Tim was wandering around, looking into corners. He rattled a door handle, and the door opened.
“Where does this go, Ged?”
“Back door. Opens into the lane at the side.”
“Is it usually unlocked?”
“No, but that’s where I brought the karaoke gear in earlier. I didn’t bother to lock it. I’ll be using it to take the stuff out again later.”
Tim was nodding as he opened the door wider and looked out. The lane outside ran from the back, past an archway into the beer garden, and all the way through to the main street.
“So,” he said, ducking back in again, “it’s feasible that someone could have come in this door, pulled the plug right here, and left again, and it would only have taken seconds.”
“And whoever it was could have disappeared to anywhere in the village,” Ged said, nodding in agreement. “You mentioned ‘incidents’,” he said, turning to Cally. “What did you mean?”
Against the rise and fall of the general pub noise in the background, she quickly described the other mysteries, beginning with Sheila and her bell-ringing cronies being locked in the tower.
“Oh, yes, I heard something about that,” Ged said. “What else?”
Even Cally hadn’t realised quite how many of these little niggles there had been until she listed them for Ged’s benefit.
Ged listened, looking at Sheila with sympathy as she seemed to be implicated in each successive description.
When Cally finished, he thought for a moment, and then his face brightened.
“I’ve got it,” he said, holding up one finger. “It’s you,” he said, pointing at Tim. “It’s obvious.
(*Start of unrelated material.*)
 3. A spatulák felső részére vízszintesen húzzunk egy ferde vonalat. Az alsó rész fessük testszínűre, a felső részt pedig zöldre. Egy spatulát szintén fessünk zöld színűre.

This all started when you came to the village.”
Tim held out his hands for imaginary handcuffs.
“You got me. It’s a fair cop, guv – it was me what done it all.”
Cally rolled her eyes.
“Except that it all started with the letter of complaint about Tim’s kennels,” she said. “In fact, he thought that was me. And it was Tim who rescued Sheila from the bell tower.”
“Ah.” Ged looked disappointed. “That blows my theory out of the water, then. No hard feelings, mate,” he added to Tim, who looked unconcerned.
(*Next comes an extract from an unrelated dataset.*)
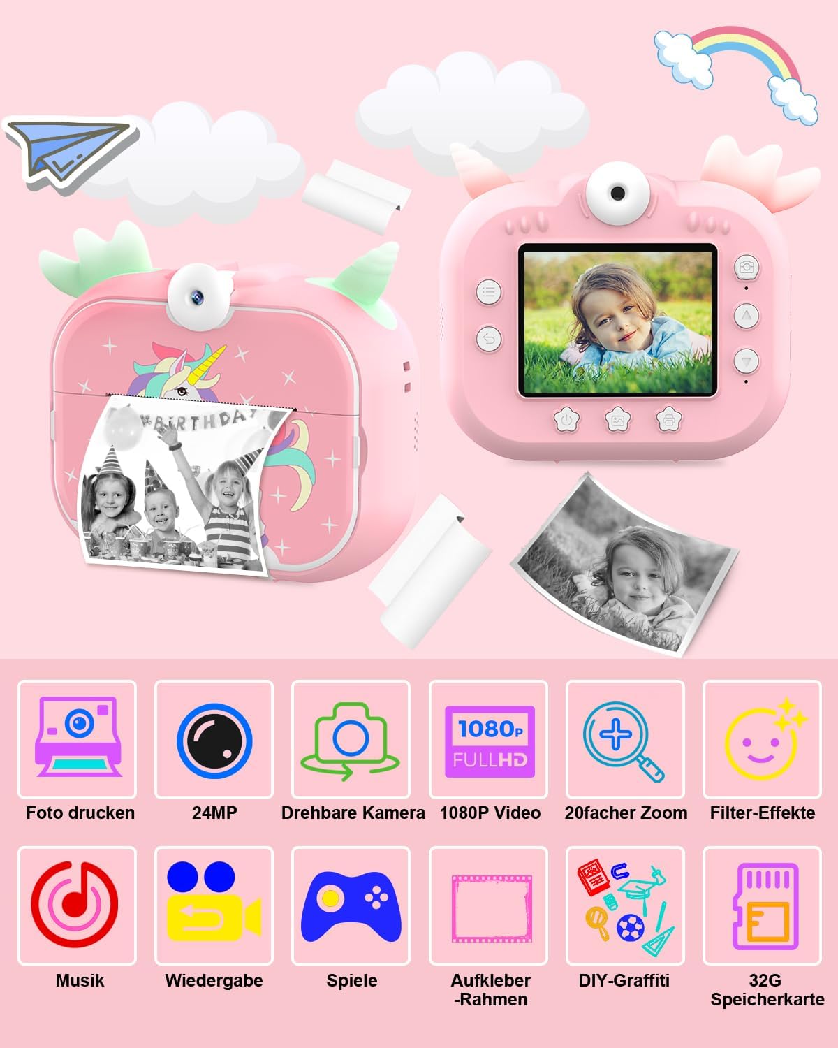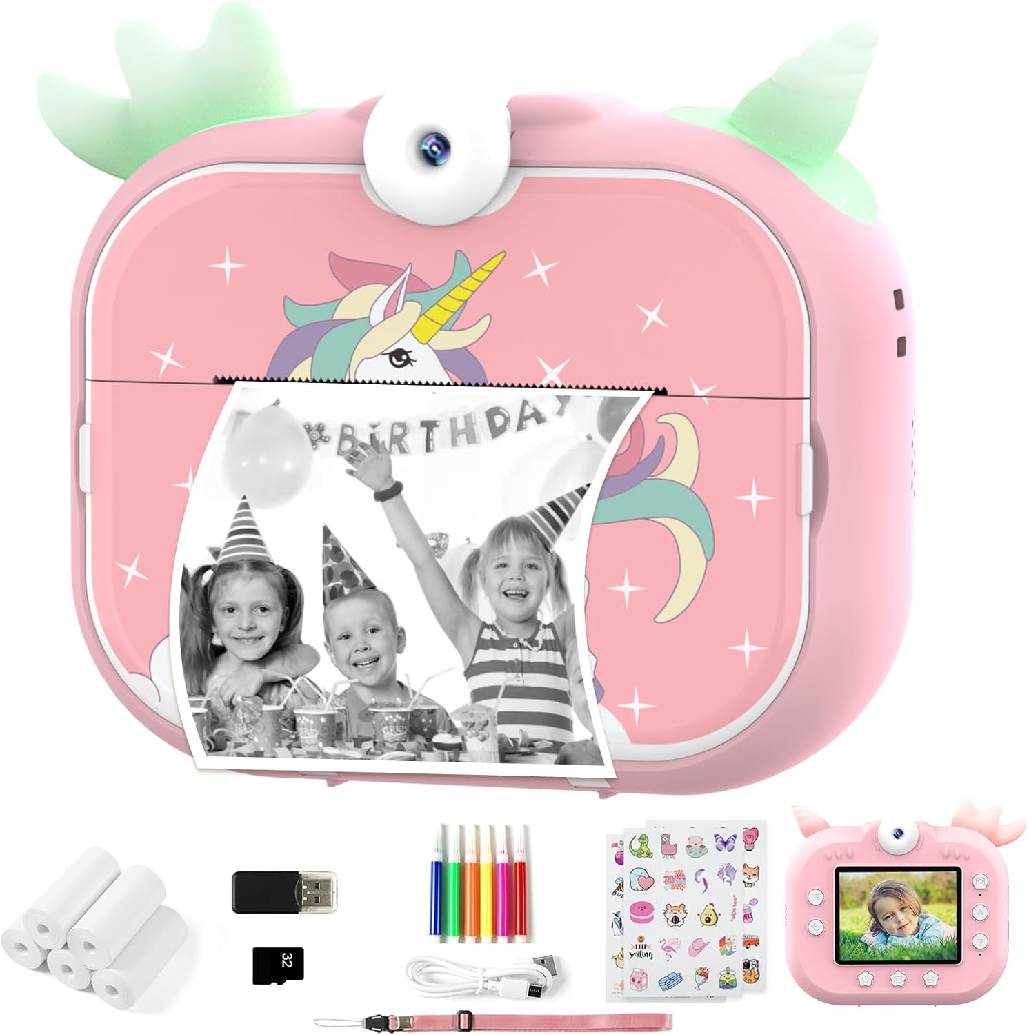 • Перфектен коледен подарък за деца: тези детски фотоапарати са изработени от безопасни материали, не съдържат PBA, имат сладък и издръжлив дизайн и лесна за разбиране повърхност. Това е перфектен коледен подарък за деца. Моля, обърнете внимание, че отпечатаните снимки са черно-бели. Съдържание на пакета: дигитален фотоапарат x1, 32GB micro SD карта x1, четец на карти x1, хартия за печат x5, цветни химикалки x5, въже против изгубване x1.

“So, does anyone have any serious ideas?” Cally asked.
There were blank faces all round.
“No leads apart from your dressing-gown man,” Sheila said, and they all got a fit of the giggles at the ridiculousness of it.
Ged stooped to coil up the cable and plug and tuck it safely away.
“There’s no point in trying to get this going again,” he said. “Who could possibly follow you in any case, Sheila? You were a triumph this evening.” He turned to scan the crowd. “I’d better get back to work and start serving.”
The press around the bar was increasing by the minute, his barmaid doing her best to keep everyone happy with banter while they waited.
“I can give you a hand, if you want,” Tim offered.
Ged took another look at the clamour of customers waiting for attention.
“You’re on. Cheers, Tim.”
Tim leaned in close to Cally.
“Don’t mind, do you?”
“Of course not. I’ll find Craig and Imogen. Join us when you’re done.”
In fact, she found that Imogen and Craig had disappeared. They had gone home since the event was effectively over, Cally guessed, but she sat with Sheila until Tim rejoined them 20 minutes later.
“Cally mentioned going out for a meal with you and your husband. Simon, isn’t it? That would be good. Let’s get something arranged. Maybe for next week?”
He gave Cally a wink, and she felt the worries she’d had about him melting away. He was trying so hard.